Hits:
Indexed by:期刊论文
Date of Publication:2013-10-01
Journal:SCIENCE CHINA-TECHNOLOGICAL SCIENCES
Included Journals:SCIE、EI、Scopus
Volume:56
Issue:10
Page Number:2540-2552
ISSN No.:1674-7321
Key Words:cascaded hydropower reservoirs; forecasting inflow; stochastic dynamic programming; decision tree; hedging rule
Abstract:This paper evaluates the performances of the models that incorporate forecasting inflow for cascaded hydropower reservoirs operation.
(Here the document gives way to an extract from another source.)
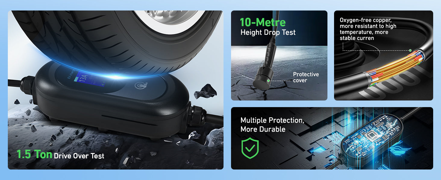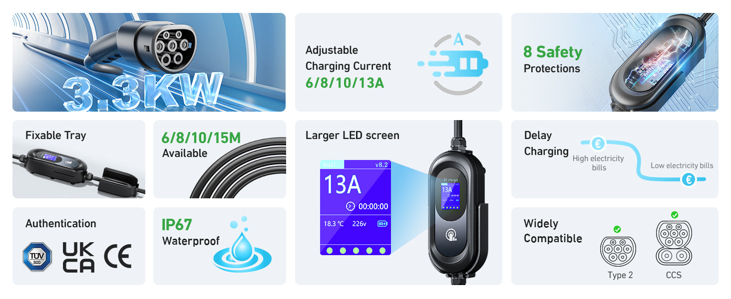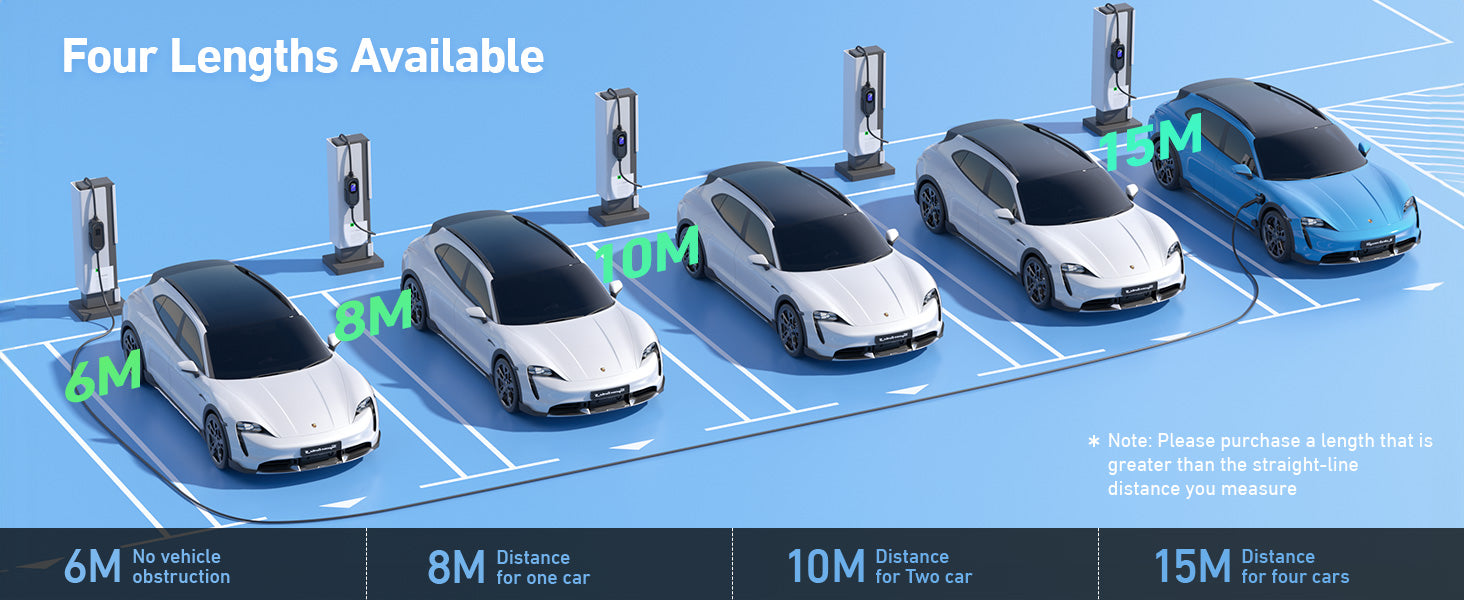 | Note: We provide you 2 Years Premium Guarante, and life-long technical support. Please refer to the cable length parameter to choose the size that best meets your needs. Due to battery limitations in some car models and possible fluctuations in the power grid environment, the actual charging power may sometimes be less than 2.3kW. |

These models are constructed separately on the concepts of explicit stochastic optimization (ESO) and implicit stochastic optimization (ISO) as well as parameterization-simulation-optimization (PSO). Firstly, the aggregation-disaggregation method is implemented in ESO models to reduce the complexity of stochastic dynamic programming (SDP). And the aggregate flow SDP (AF-SDP) and aggregation-disaggregation SDP (AD-SDP) are constructed respectively. Secondly, in ISO model, decision tree is the well-known and widespread algorithm. The algorithm C 5.0 is selected to extract the if-then-else rules for reservoir operation. Thirdly, based on the PSO model, the hedging rule curves (HRCs) are pre-defined by fusing the storage and inflow as state variable. The parameters of the HRCs are determined by using the simulation-optimization model. Finally, China's Hun River cascade hydropower reservoirs system is taken as an example to illustrate the efficiency and reliability of the models. In addition, the values of quantitative precipitation forecasts of the global forecast system (10 days lead-time) are implemented to forecast the 10 days inflow.